After the memory has been saved, the system reboots (without kexec).
As mentioned above, that panic kernel has to be loaded into the system. That is accomplished via kexec(8) in an init script at system
bootup. To have memory for that panic kernel and also have RAM for the execution of that panic kernel, one has to reserve kernel memory
with a special boot parameter (crashkernel).
While it's possible in theory to boot the full system by that panic kernel, on SUSE we use the approach of having a special initramfs that
saves the dump to disk or network and then reboots. That has the advantage that less memory is necessary and the root file system also must
not be intact if you save to another file system or to network.
AUTOMATIC CONFIGURATION WITH YAST
A simple method to use kdump on SUSE is to use the YaST kdump module. Just install the package yast2-kdump (for example with
# zypper install yast2-kdump
and start the YaST2 module with
# yast2 kdump
Everything should be self-explanatory there.
MANUAL SETUP
Following steps are needed to setup kdump manually (the description of the steps will follow):
1. Install the required software packages,
2. add the crashkernel parameter to bootloader configuration,
3. enable the kdump service,
4. configure kdump (/etc/sysconfig/kdump) and
5. load the kdump kernel.
Required software
Following software packages are required for kdump:
o kexec-tools
o kdump
o makedumpfile
There is no special kernel-kdump required like in earlier versions of SUSE LINUX Enterprise. The technical reason is that the normal kernel
is relocatable now and can be used as kdump kernel, i.e. it's possible to load and execute the normal kernel at any address, not only the
compiled-in address as before.
Bootloader configuration
It's necessary to reserve a certain amount of memory in the normal system at boot time which will be used by kexec(8) to load the panic
kernel. To achieve that, you have to add a parameter called crashkernel in bootloader configuration. The syntax is:
crashkernel=size@offset
The offset is the load offset, i.e. the physical base address on which the memory reservation area starts. Starting with version 2.6.27,
it's not necessary to specify that offset manually since the kernel chooses a suitable base address automatically.

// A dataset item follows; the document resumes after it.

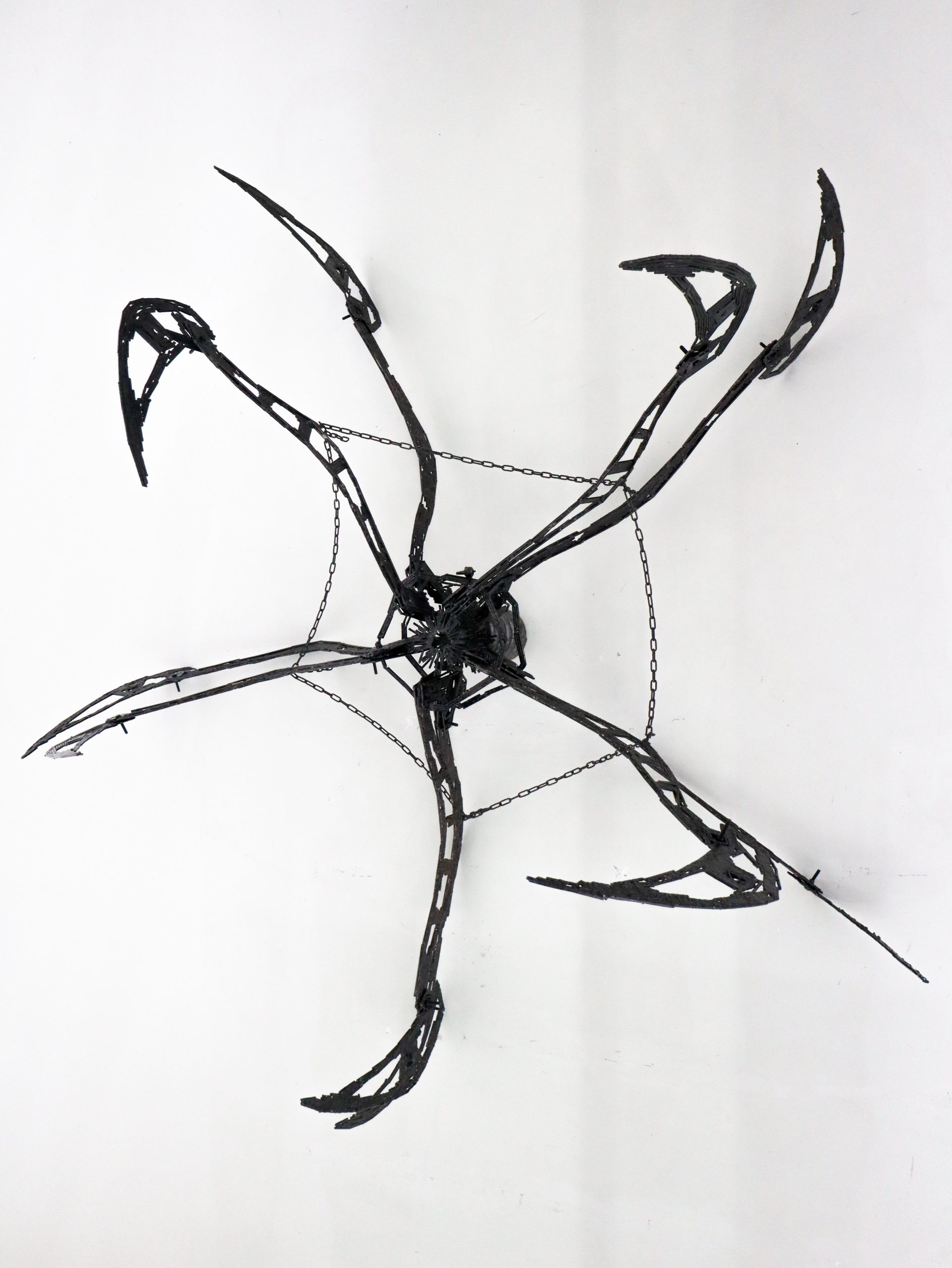 Matter does not appear as a mere support or medium, but as a territory of conflict and transition. Each gesture carries, simultaneously, a promise of construction and a possibility of loss, and within this delicate balance lies the power of the creative process. The chosen materials — steel, chains and glass — embody within themselves this tension between resistance and fragility. The weight and strength of the metal confront the transparency and vulnerability of the glass, composing a field of forces that never stabilises. The chains, at once a bond and a boundary, extend this play between restriction and openness. Each piece is thus born from the friction between materials of distinct natures, which attract and repel one another, and whose dialogue gives shape to a space where creation and destruction intertwine without ever cancelling each other out.

For the size, following values are recommended:
+-------------+---------------------------------------+
|Architecture | Size |
+-------------+---------------------------------------+
|i386 | 64M |
+-------------+---------------------------------------+
|x86_64 | 64M or 128M on large machines |
+-------------+---------------------------------------+
|ppc64 | 128M or 256M on large machines |
+-------------+---------------------------------------+
|ia64 | 512M (or more on very large machines) |
+-------------+---------------------------------------+
Example: crashkernel=64M (on a normal PC system)
Note
There's also a more advanced syntax that makes the amount of memory dependent on system RAM. See the section called "Extended
crashkernel commandline".
Enable kdump service
The kdump runlevel script just loads the kdump kernel at boot. To enable it, use the YaST runlevel editor or simply
# chkconfig boot.kdump on
on a shell. You can also execute it manually with rckdump start.
Configure kdump
The default configuration should work out of the box. You can tweak several configuration options in the /etc/sysconfig/kdump configuration
file.
Important
If you make changes in that configuration file, you always have to execute rckdump restart manually to make that changes apply. If you
don't, that changes will only apply after system reboot.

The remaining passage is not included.